Shaikh refused and three men broke into her home, shooting Shahida in the back. They justified the murder by accusing her of adultery and have not been punished.
“For the sake of Allah, I appeal to the ministers, the judges and the police to get me justice,” Shaikh said.
Government efforts to crack down on these attacks have had little success and the killings remain a particular problem in poor and rural areas of Pakistan. In the absence of material wealth, concepts of honor and preserving the family’s good name are highly valued.
Moreover, Pakistani law allows the victim’s relatives to “forgive” the killer in return for blood money, so if the relatives themselves arranged the killing, prosecution can be avoided.
Marriages in Pakistan are usually arranged and are often between cousins, which can add a further motive in the form of rows over dowries.
Female police officer Irum Awan heads a special force set up in Sindh in 2008 to fight the menace.
“In most cases, ‘honor’ is just a pretext, whereas the real motive is that they don’t want to give the shares in property to their sister or daughter,” Awan said.
It is not only women who suffer and not only matters of love and marriage that lead to such killings.
Criminal justice in Pakistan is deeply mired in local politics, particularly in areas like Sindh where society remains largely feudal, with huge power concentrated in the hands of big hereditary landowners.
Questions of “honor” can be invoked to settle other disputes too.
In a small village west of the town of Sukkur, Mohammad Hasan lives in hiding after being declared kara (a dishonorable man) by the local feudal landlord.
“I was declared kara after a dispute that started about land which was mine. They wanted to capture my land,” Hasan said in a tiny house in a scruffy alley by an open sewer.
The landlord sent his men to threaten Hasan, giving him the choice of surrendering his land — his only source of income — paying 800,000 rupees (US$7,870) to settle the dispute, or facing the consequences.
“My life is in danger, they have already attacked me three times,” Hasan said. “I am a poor man, I am just sitting at home and hiding here and there.
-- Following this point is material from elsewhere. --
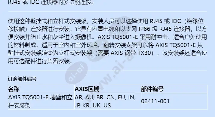 型号:AXIS-TQ5001-E-WALL-AND-POLE-MOUNT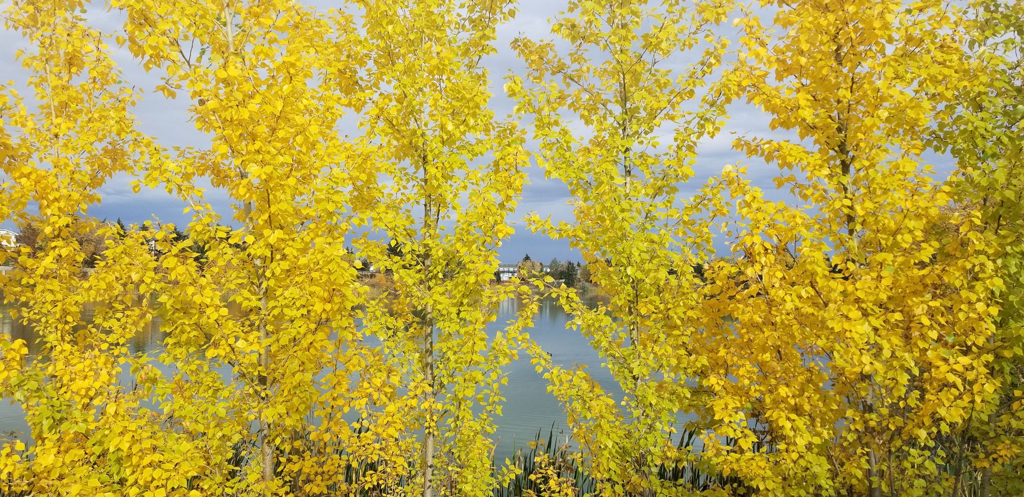 Going for my walk around the lake. Our colours are yellow, orange and red. The maple trees and the Mountains Ash are red.

He [the landlord] is an influential man, he can do anything with me.”
The abuse of women and poor men under the guise of “honor” has gone on for centuries across South Asia, but the British colonial rulers suppressed the practice.
“In the British rule, they would hold responsible and round up the whole village where the karo-kari would take place, and thus the menace vanished during that time,” said Javed Alam Odho, police chief of the Sukkur region.
However, now, weak law enforcement and poor prosecution, often influenced by powerful people, keep the killers at large.
Awan admits her frustration at the way suspects are able to work the system to avoid justice.
“Some days ago we conducted, you won’t believe, more than 10 raids to arrest a person who killed his wife, but when we produced him before the honorable judge, he released him on bail,” she said.
Annually, estimates suggest more than 350 murders are committed in the name of honor in Sindh.
“If you look at the Sindhi newspapers, two to three incidents are reported daily and this is a routine,” said Khalid Banbhan, bureau chief of Ibrat, a prominent Sindhi-language daily.
Covering the problem in rural areas is a challenging task for local journalists, who are exposed to the wrath of local feudal chieftains who are usually powerful enough to have troublemakers punished, or even killed, with few repercussions.